— TASK PROMPT —
From the very first line of the data to the line containing "Restauranten Golden Teak", retype everything exactly, leaving the pictures behind.

— EXERCISE DATA —
= = = =

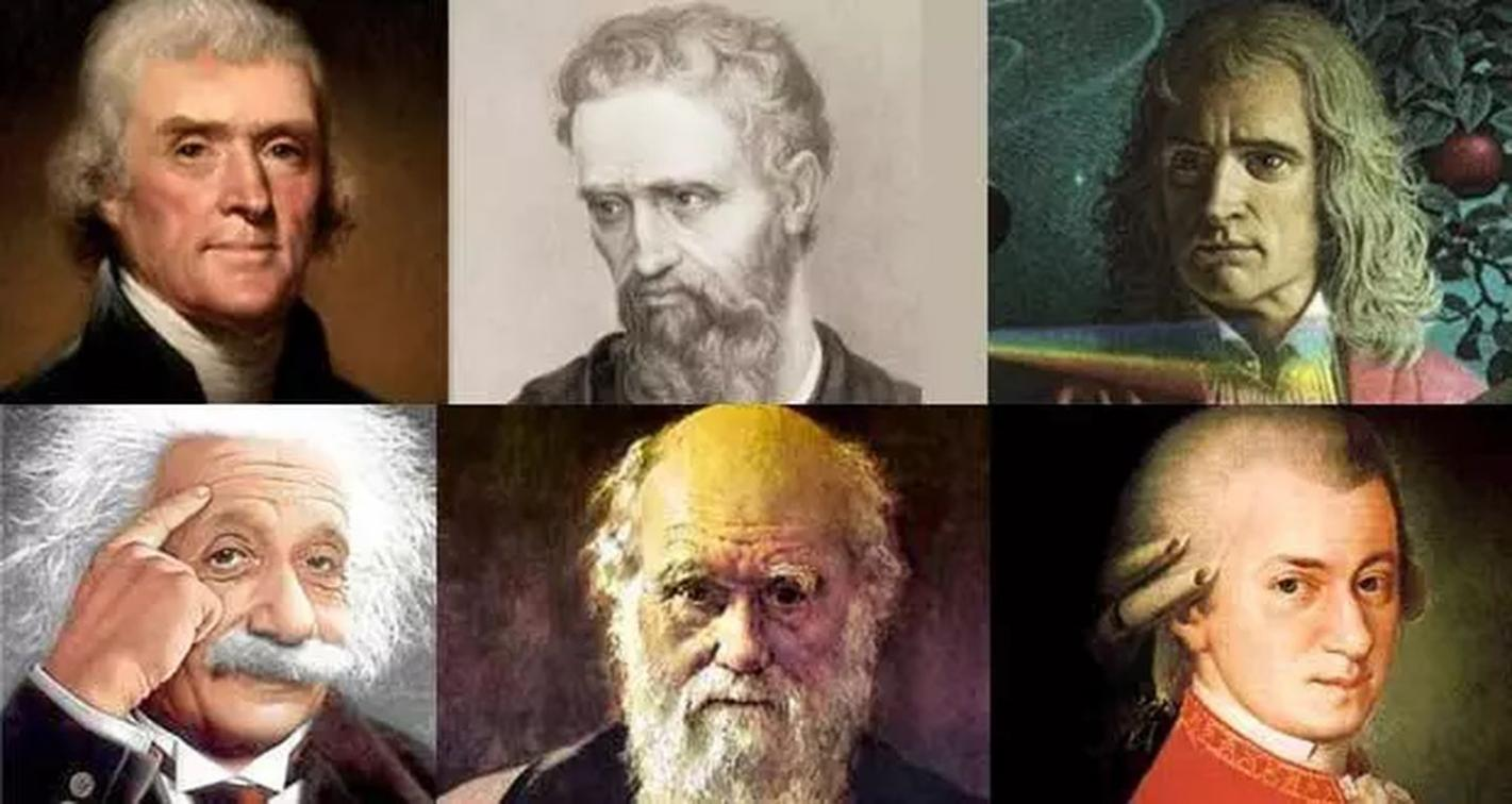 这些人都有自闭症的一些症状:回避社交,对某一个领域异常专注。上排左起:托马斯·杰斐逊,米开朗基罗,牛顿;下排左起:爱因斯坦,达尔文,莫扎特。
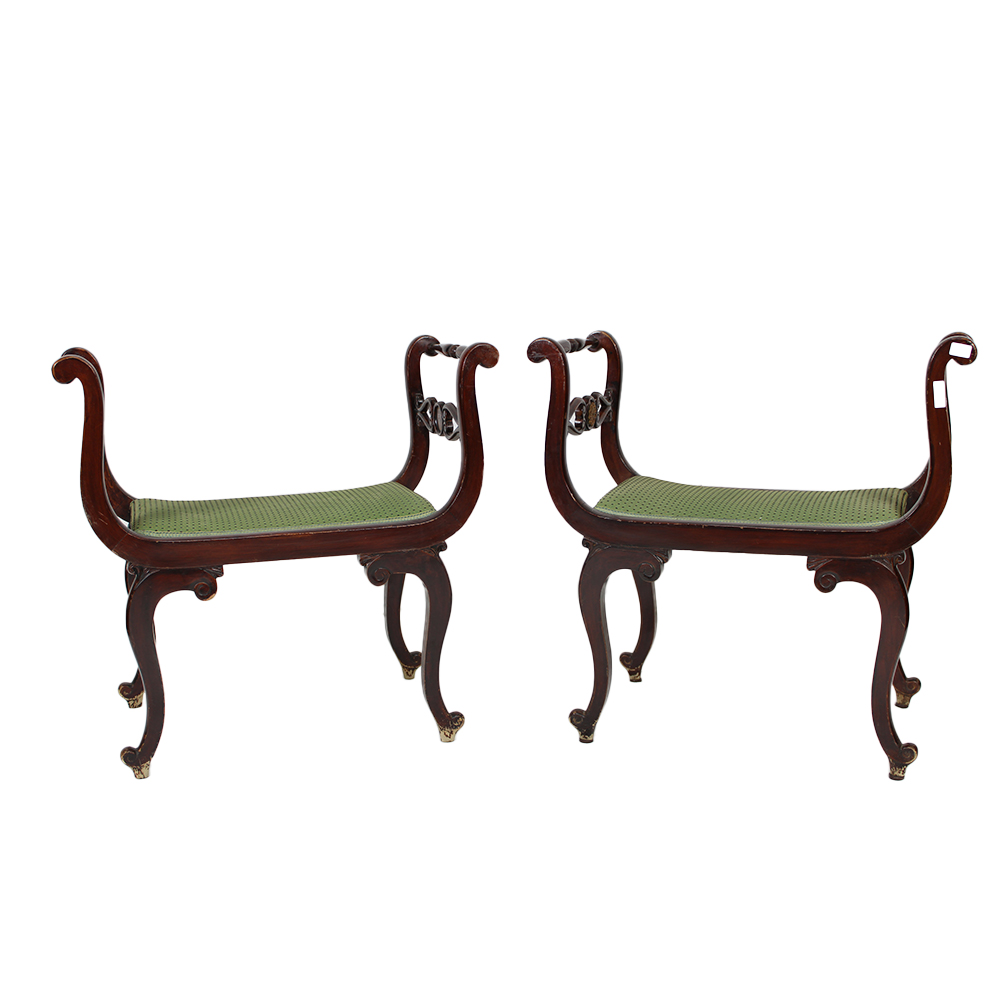 COPPIA DI SGABELLI FALDISTORI in legno di mogano con seduta in tessuto Italia XIX/XX secolo h cm 65 x 67 x 38
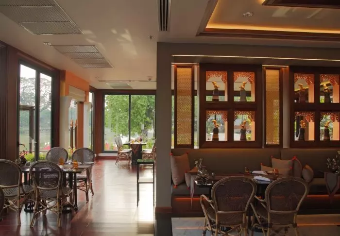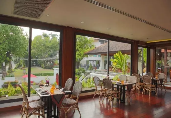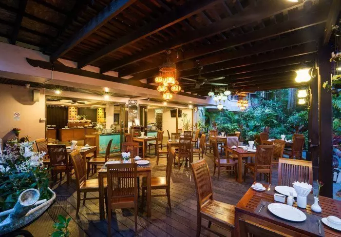 Restauranten Golden Teak har et godt utvalg av nord-thailandske spesialiteter og internasjonale retter, som kan spises både inne og utendørs – perfekt for en kveld i vakre omgivelser.
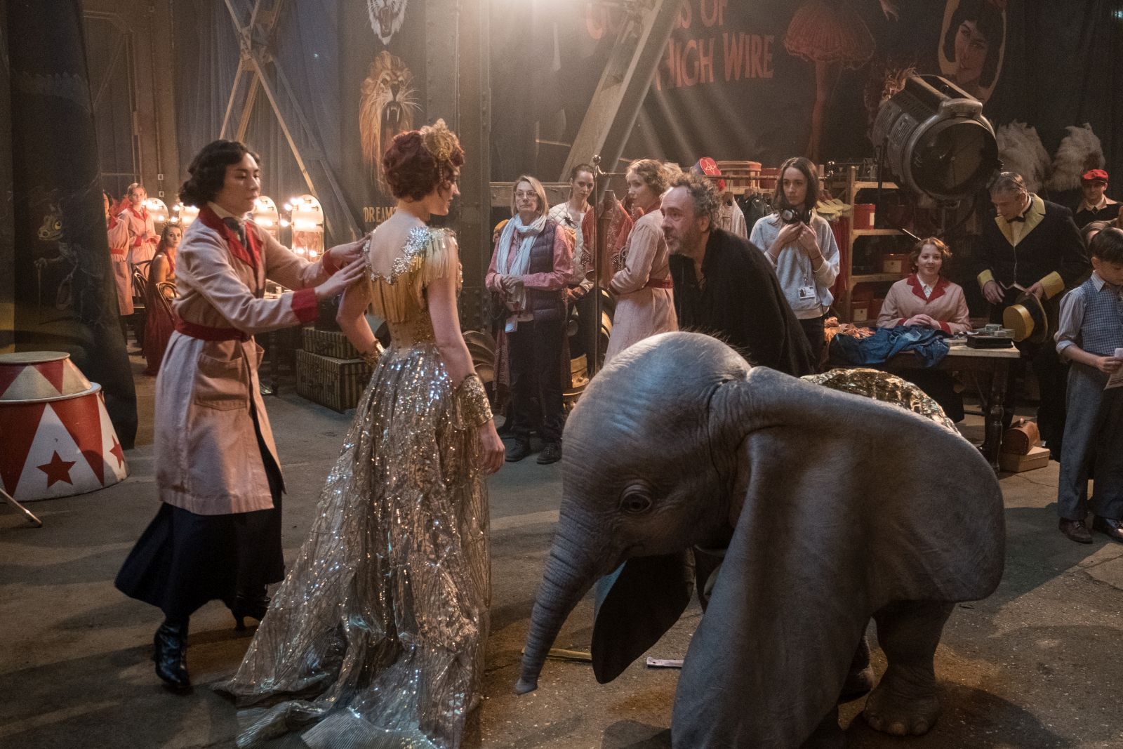 Im Gegensatz zum Original, das im Jahr 1941 spielt („Dumbo“ war damals der erste Disney-Zeichentrickfilm, der in der Jetzt-Zeit angesiedelt ist), finden die Ereignisse in der Neuauflage exakt 100 Jahre vor dem Kinostart, also im Jahr 1919 statt – zum einen, weil sich damals gerade die Mode weg von kleinen Wanderzirkussen hin zu großen Vergnügungs-Anlagen entwickelte, und zum anderen, weil so kurz nach dem Ende des Ersten Weltkriegs die Magie ein Stück weit verschwunden war und es deshalb so gut passt, dass ein kleiner fliegender Elefant sie den Menschen wieder zurückbringt. Am deutlichsten wird dieser Bezug in der Rolle von Colin Farrell als ehemaliger Pferde-Artisten Holt Farrier, wie uns der Schauspieler am Set erzählt:

= = = =

— RESPONSE TO THE EXERCISE —
 这些人都有自闭症的一些症状:回避社交,对某一个领域异常专注。上排左起:托马斯·杰斐逊,米开朗基罗,牛顿;下排左起:爱因斯坦,达尔文,莫扎特。
 COPPIA DI SGABELLI FALDISTORI in legno di mogano con seduta in tessuto Italia XIX/XX secolo h cm 65 x 67 x 38
 Restauranten Golden Teak har et godt utvalg av nord-thailandske spesialiteter og internasjonale retter, som kan spises både inne og utendørs – perfekt for en kveld i vakre omgivelser.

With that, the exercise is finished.